Published: January 23, 2019
doi:

Summary

Les auteurs décrivent un protocole étape par étape pour la chromatine tandem immunoprécipitation séquençage (tChIP-Seq) qui permet l’analyse de la modification d’histone génome cellule-spécifiques au type.

Abstract

Régulation épigénétique joue un rôle central dans l’expression des gènes. Étant donné que la modification d’histone a été découvert dans les années 1960, ses fonctions physiologiques et pathologiques ont été largement étudiées. En effet, l’avènement de la nouvelle génération séquençage en profondeur et immunoprécipitation de la chromatine (ChIP) par l’intermédiaire des anticorps spécifiques d’histone modification a révolutionné notre vision de la régulation épigénétique au sein du génome. À l’inverse, les tissus sont généralement composent de types cellulaires différents, et leur mélange complexe pose des défis analytiques pour enquêter sur l’épigénome dans un type particulier de cellules. Afin d’examiner l’état de la chromatine spécifiques à un type de cellule dans une manière de tout le génome, nous avons développé récemment en tandem la chromatine immunoprécipitation le séquençage (tChIP-Seq), qui repose sur l’épuration sélective de la chromatine par des protéines histones tagged noyau de cellule types d’intérêt, suivie par ChIP-seq. L’objectif de ce protocole est l’introduction de meilleures pratiques de tChIP-suiv. Cette technique fournit un outil polyvalent pour enquête épigénome tissu-spécifique dans les modifications d’histone diverse et organismes modèles.

Introduction

Les tissus des animaux se composent de types cellulaires différents. La régulation des gènes dans chaque cellule définit le type de cellule. Modifications de la chromatine – modification histone et de méthylation de l’ADN – sous-tendent la spécificité cellulaire de type de l’expression génique. Ainsi, la mesure de régulation épigénétique dans chaque type de cellule a été désirée, mais il a été un défi technique.
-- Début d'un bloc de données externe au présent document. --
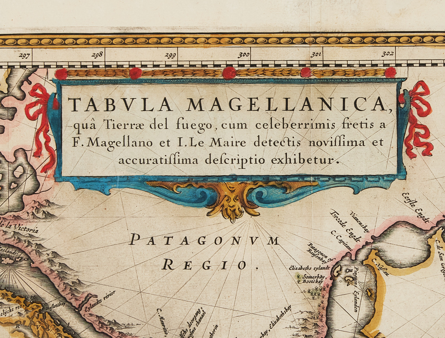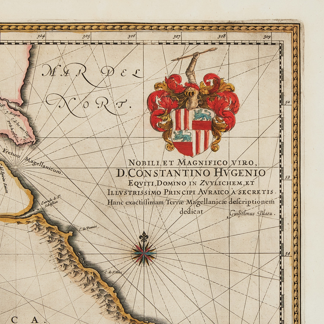 BLAEU'S MAP OF THE MAGELLAN STRAIT / SOUTH AMERICA, c. 1640.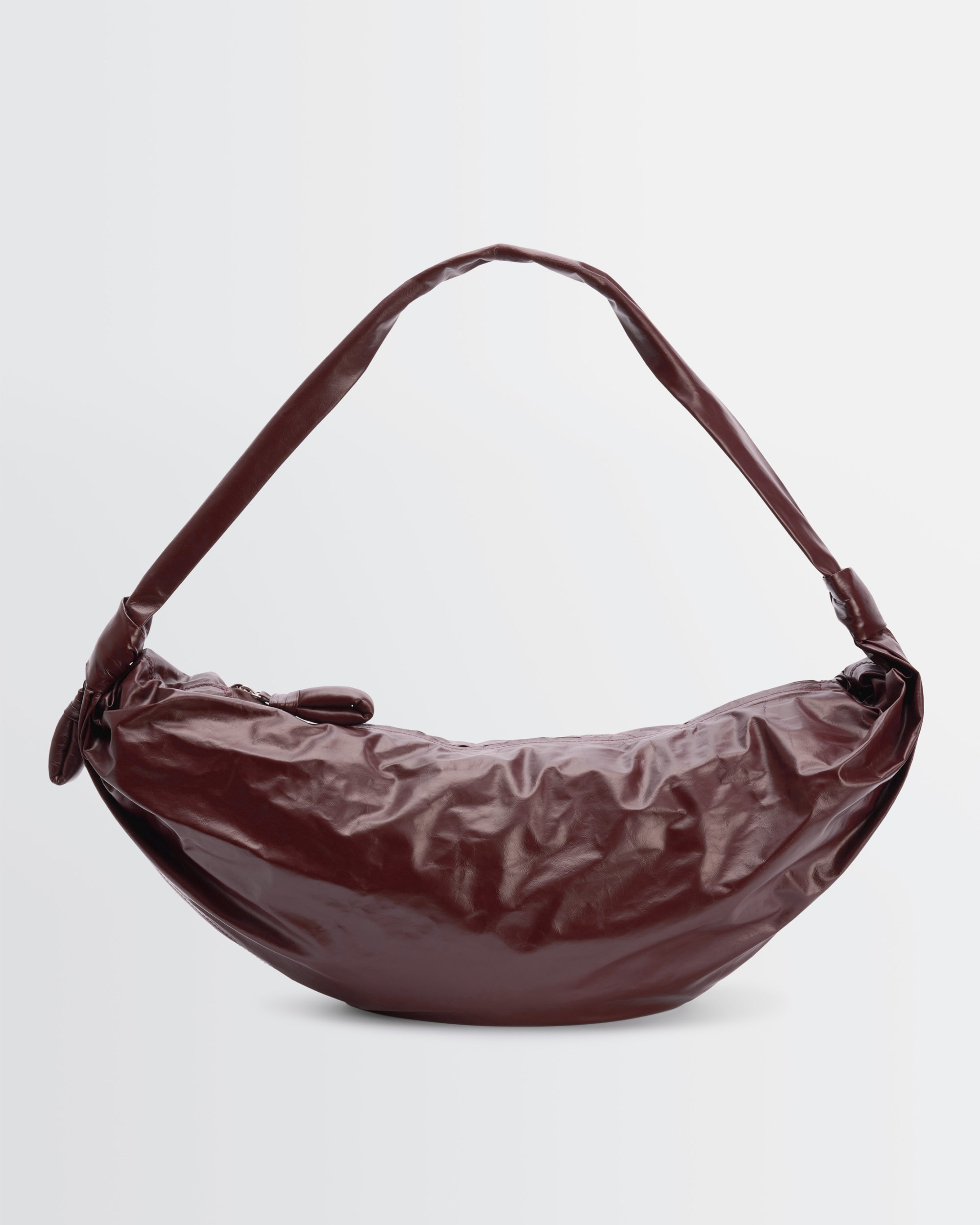 The Croissant line is emblematic of the Lemaire wardrobe. This versatile bag features a curve inspired by the viennoiserie of the same name, created in the Soft version by side pleats and knotted elements. This large bag is made of paper-effect leather, a light, resistant material characterized by its shiny appearance, certified LWG Gold.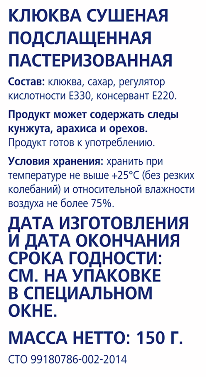 Клюква METRO Chef Сушеная, 150 г сохраняет свои полезные вещества свежего продукта. Это источник витаминов А, В, С, фолиевой и никотиновой кислот, дубильных веществ и пектинов. Она нормализует пищеварение, выводит лишнюю жидкость из организма, при этом низкокалорийна и подходит для диетического питания. Витаминный состав способствует укреплению иммунитета, профилактирует сердечно-сосудистые заболевания, снижает уровень сахара в крови. Сушеная ягода используется для приготовления компотов, разнообразных десертов. METRO Chef – это популярный бренд, который принадлежит торговой сети Метро. В ассортимент входят такие категории товаров, как молочные продукты, мясная гастрономия, соусы и приправы, замороженные фрукты и ягоды, рыба и морепродукты и многое другое. Выпуская продукцию под собственными торговыми марками METRO, мы стремимся максимально удовлетворить потребности наших клиентов. Наша цель – понять, какой ассортимент для них актуален и предложить его по привлекательной цене. Мы также внимательно изучаем тенденции рынка, чтобы быть в курсе последних трендов и своевременно предлагать решения под собственными торговыми марками в соответствии с ними.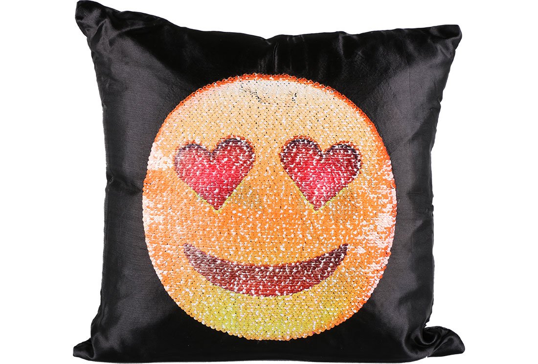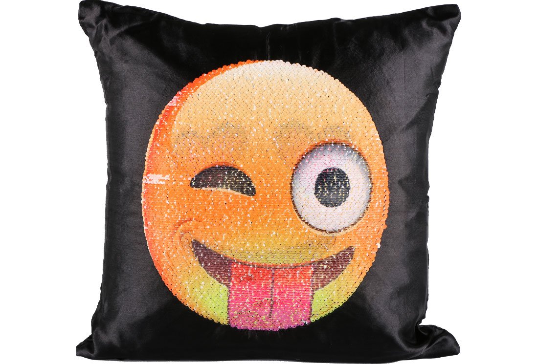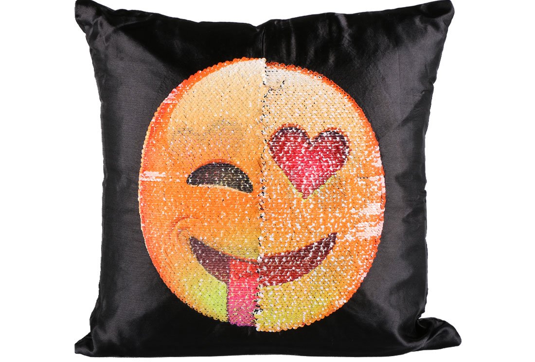 Teslimat ve Boyutlar: 1 x Dekonaz Dekoratif Pullu Yastık 40x40cm | Gülümseyen Emoji | MTL-0011
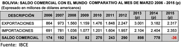 Las ventas externas de Bolivia al mes de marzo de 2015 llegaron a 2.317 millones de dólares, experimentando una sensible baja de 886 millones comparativamente al primer trimestre de 2014, producto de la caída de los siguientes sectores: hidrocarburos (-507 millones de dólares); industria manufacturera (-298 millones de dólares); minerales (-63 millones de dólares) y agricultura (-40 millones de dólares).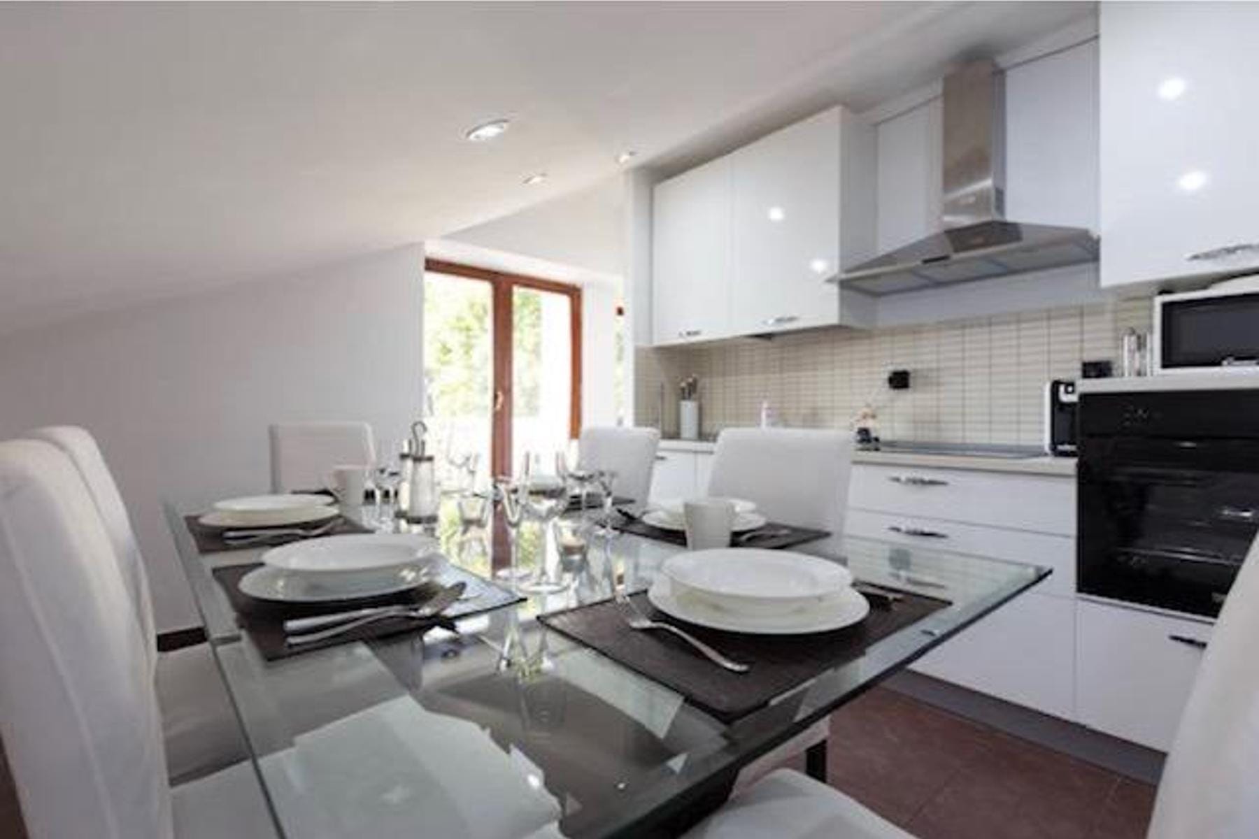 Предлаганият имот се намира в спокойната част на остров Крък, в град Омишалй. Апартаментът се отличава с просторност и функционално разпределение на помещенията, идеално за комфортен живот или ваканционно пребиваване. Жилището включва три стаи и голяма дневна с отворена кухня и трапезария, което създава светло и приветливо общо пространство. Светлите интериори осигуряват естествена светлина през по-голямата част от деня, подчертавайки топлия климат и южния характер.

Pour étudier l’épigénétique dans un type particulier de cellules, le séquençage de l’immunoprécipitation de la chromatine en tandem (tChIP-Seq) a été récemment mis au point ()Figure 1)1. TChIP, protéine de noyau épitope-tag histone H2B est exprimée d’un instigateur de cellule-spécifiques au type. Cette fonctionnalité permet l’isolement des chromatines des cellules d’intérêt, même si le matériel commence à partir d’un mélange de différents types de cellules. Suivant ChIP-Seq — purification de la chromatine via une marque modifiée-histone et séquençage en profondeur de prochaine génération isolé ADN — nous pouvons surveiller l’état épigénétique du type cellulaire ciblée de manière génome-large.
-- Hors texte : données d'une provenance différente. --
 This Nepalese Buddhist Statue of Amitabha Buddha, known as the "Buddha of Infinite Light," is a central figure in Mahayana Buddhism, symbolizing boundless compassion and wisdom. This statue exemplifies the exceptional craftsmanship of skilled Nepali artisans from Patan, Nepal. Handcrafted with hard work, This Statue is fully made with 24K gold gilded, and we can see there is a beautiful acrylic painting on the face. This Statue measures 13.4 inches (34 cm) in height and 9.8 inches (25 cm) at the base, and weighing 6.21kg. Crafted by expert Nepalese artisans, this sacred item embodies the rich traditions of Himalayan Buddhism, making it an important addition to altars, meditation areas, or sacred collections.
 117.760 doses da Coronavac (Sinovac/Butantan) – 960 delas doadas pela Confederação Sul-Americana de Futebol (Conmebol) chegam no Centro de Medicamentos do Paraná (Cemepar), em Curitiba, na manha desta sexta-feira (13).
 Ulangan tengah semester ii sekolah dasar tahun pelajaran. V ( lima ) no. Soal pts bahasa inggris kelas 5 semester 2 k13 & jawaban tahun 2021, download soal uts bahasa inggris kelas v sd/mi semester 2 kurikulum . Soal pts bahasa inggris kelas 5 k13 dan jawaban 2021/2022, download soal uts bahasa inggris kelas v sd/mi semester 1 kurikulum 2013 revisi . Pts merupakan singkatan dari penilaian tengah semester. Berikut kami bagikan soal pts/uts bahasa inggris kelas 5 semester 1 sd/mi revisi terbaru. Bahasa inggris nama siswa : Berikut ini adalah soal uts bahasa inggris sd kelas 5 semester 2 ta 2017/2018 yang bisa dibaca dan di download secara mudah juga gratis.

En utilisant cette technique, nous avons étudié récemment triméthylation neurone-spécifique de l’histone H3 protéine sur la lysine 4 (H3K4me3) marques. Dans cette étude, nous avons développé une souris knock-in dans lequel terminalement H2B indicateur-étiquetées protéine a été exprimée lors de la recombinaison Cre-mediated (Rosa26CAG floxed-pA H2B-drapeau). Par croisement avec une souris possédant le gène de Cre-réticulum endoplasmique (re) sous le contrôle du promoteur CamK2a, la lignée de souris obtenue induit H2B-drapeau en neurones actifs sur le tamoxifène injection (Camk2aH2B-drapeau)1. A partir de cerveau de la lignée de souris établie, nous avons effectué tChIP-Seq avec anticorps anti-H3K4me3. Étant donné que les marques de H3K4me3 correspondent souvent aux régions promotrices, nous pourrions découvrent des centaines de mRNA spécifiquement exprimé dans les neurones1.
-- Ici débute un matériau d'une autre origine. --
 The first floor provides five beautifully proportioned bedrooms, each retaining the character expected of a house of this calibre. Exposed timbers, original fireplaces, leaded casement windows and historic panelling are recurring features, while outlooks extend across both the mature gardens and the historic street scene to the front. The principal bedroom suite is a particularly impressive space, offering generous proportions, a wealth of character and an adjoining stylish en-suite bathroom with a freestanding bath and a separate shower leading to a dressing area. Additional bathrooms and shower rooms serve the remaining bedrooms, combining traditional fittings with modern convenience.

Nous décrivons ici une méthode typique tChIP-Seq qui couvre les étapes de la dissection des tissus pour la construction de la bibliothèque ()Figure 1). L’objectif final de ce protocole est de partager nos meilleures pratiques pour l’exécution de tChIP-Seq et l’application future de cette méthode à d’autres types de cellules et des modifications d’histone.

Protocol

Toutes les méthodes décrites dans les présentes ont été approuvés par la division de la sécurité du RIKEN (H27-EP071) et réalisées avec les règlements et lignes directrices pertinentes. 1. dissection du tissu Disséquer les tissus d’intérêt en petits morceaux (environ < 3 mm2) à l’aide de ciseaux fine de printemps.Remarque : Plus grands fragments de tissu sont plus longs à geler, et petits morceaux porteront sur des volumes plus importants de la mé…

Representative Results

Nous décrivons ici la dissection des tissus, lyse cellulaire, fixation, purification de tandem de la chromatine et ADN bibliothèque préparation pour la prochaine génération de séquenceurs. Au cours de la procédure, on peut tester la qualité de l’ADN, qui est la clé pour le séquençage réussi, à de multiples étapes (Figure 2). Puisqu’un seul nucléosome est généralement entouré de 147 bp ADN 4, cisaillé ADN ne doit …

Discussion

Notre protocole a été optimisé pour les neurones du cerveau de souris, dans lequel l’expression de l’indicateur-étiquetées H2B est induite par injection de tamoxifène. Promoteurs, utilisés pour l’expression H2B, matériaux de tissu de départ et la quantité des tissus sont des paramètres pivotales pour succès tChIP-suiv. Ainsi, l’optimisation de ces facteurs devrait considérer pour chaque type de cellules d’intérêt.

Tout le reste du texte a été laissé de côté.